Six months later the case went to trial and Devon was found guilty of two counts of sex assault on a child. Kelly brought her daughter for treatment and later told investigators that she had regained her trust in the system because of how the team helped her family.
Meet Angie and her family
Clara brought her niece, Angie, to DCAC when she learned that the eight-year-old developmentally disabled girl had been sexually abused by her grandfather. Angie was living with her aunt because her mother had died and her father had abandoned her. With Angie's grandfather under police investigation, Clara also provided the child's sole financial support.
Clara was already struggling when she took her niece into her home. She had lost her job and was in danger of losing her home. When they were referred to Family-to-Family by a DCAC therapist, Clara and Angie had almost no food in the house, they were just about to have their gas and electricity cut off, and Angie's uncontrollable behavior made a difficult situation much more stressful.

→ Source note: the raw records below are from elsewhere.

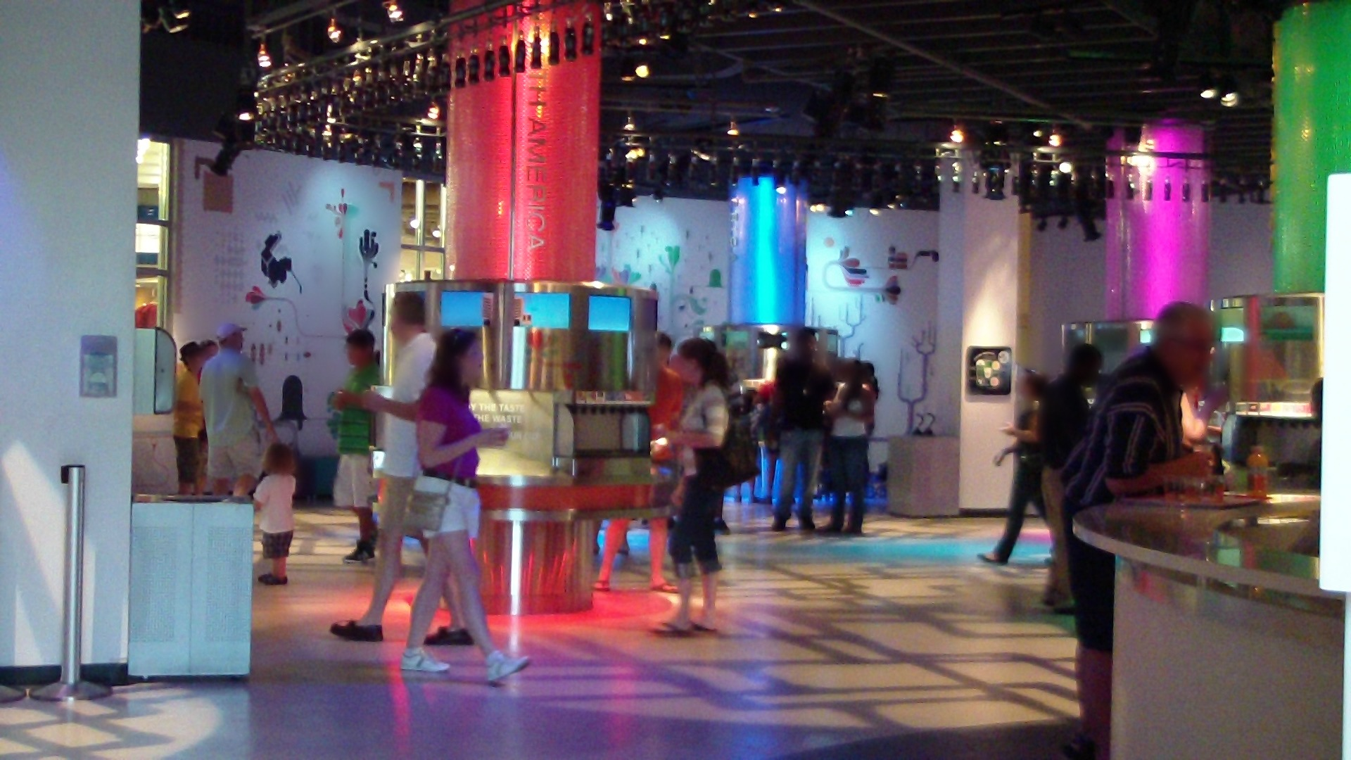 This is the upper floor area of the World of Coca-Cola where you can taste the various drinks by country.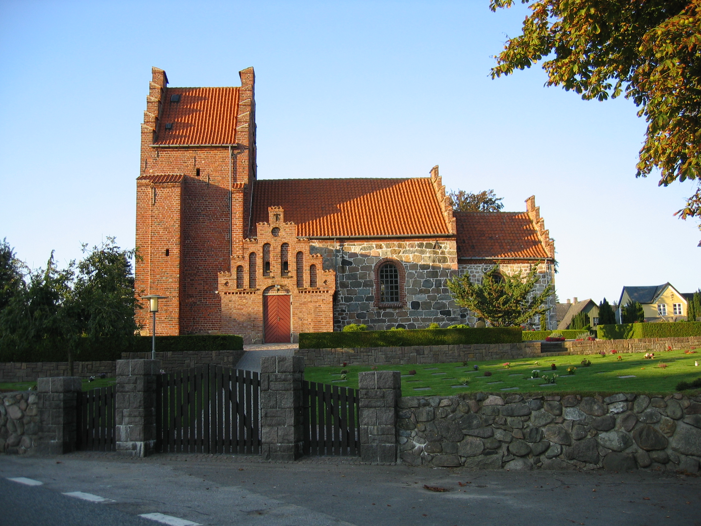 Blovstrød Church, Blovstrød parish, Lynge-Kronborg Herred, Frederiksborg County, Denmark.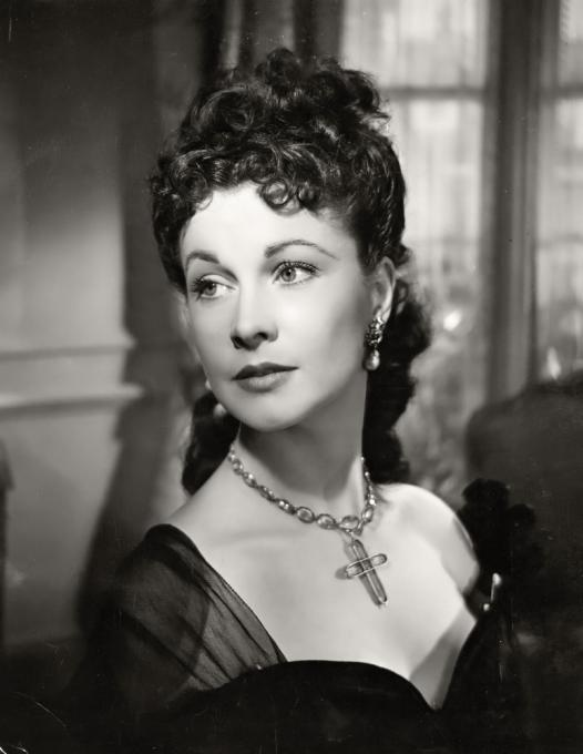 Vivien Leigh as Anna Karenina in "Anna Karenina" (Film still)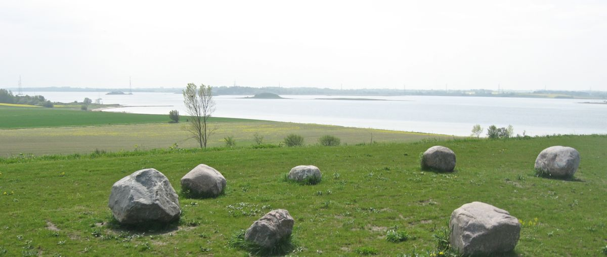 View over Roskilde Fjord from Ørnestensbjerget

The first goal of Steve, the Family-to-Family site coordinator, was to stabilize the situation. Steve worked with Clara's landlord and Xcel Energy to arrange a long-term payment plan, he provided gift cards so that Angie could have clothes for school, and he referred them to the local food bank to get free groceries.
Six months later, Clara had found a job and was beginning to catch up with her rent and bills. Angie made progress in therapy, and many of the behavioral problems related to her trauma began to subside. Steve worked with Clara to file the paperwork that will enable the Department of Human Services (DHS) to seek child support from Selena's father. Clara says that before she came to DCAC she didn't have any faith that DHS or social workers could help her. Now she says she appreciates the way Family-to-Family, DCAC, and the DHS combine practical assistance with emotional support, and she's optimistic about the future.
Meet Stella
Stella came to Family-to-Family while her children were in counseling at DCAC. They had been sexually abused first by Stella's boyfriend and then again in the foster home where they had been placed for their protection.
Although Stella had ejected her abusive boyfriend from the house and regained custody of her kids, the trauma left her deeply depressed and unable to leave the house to go to work. Maria, Family-to-Family advocate, sat down with Stella and talked with her for more than two hours. Stella felt guilty about being unable to protect her children in their own home, and yet she was also a victim of her abusive boyfriend. She was distrustful of the "system" that had allowed her children to be abused while in foster care.
Maria helped Stella create a plan to begin to rebuild her life. The first thing Stella needed was treatment for her depression, and Maria arranged a referral to Westside Clinic. Maria also suggested domestic violence counseling from Servicios de la Raza. Practical help included food and clothing to tide the family over until Stella was well enough to return to work.
Stella is now back at work and her children are on the road to recovery. Maria calls regularly to offer encouragement, and Stella stops by Family-to-Family while the kids are in therapy at DCAC. Stella credits Family-to Family and DCAC for giving her the support she needed to provide a stable environment for her children to thrive.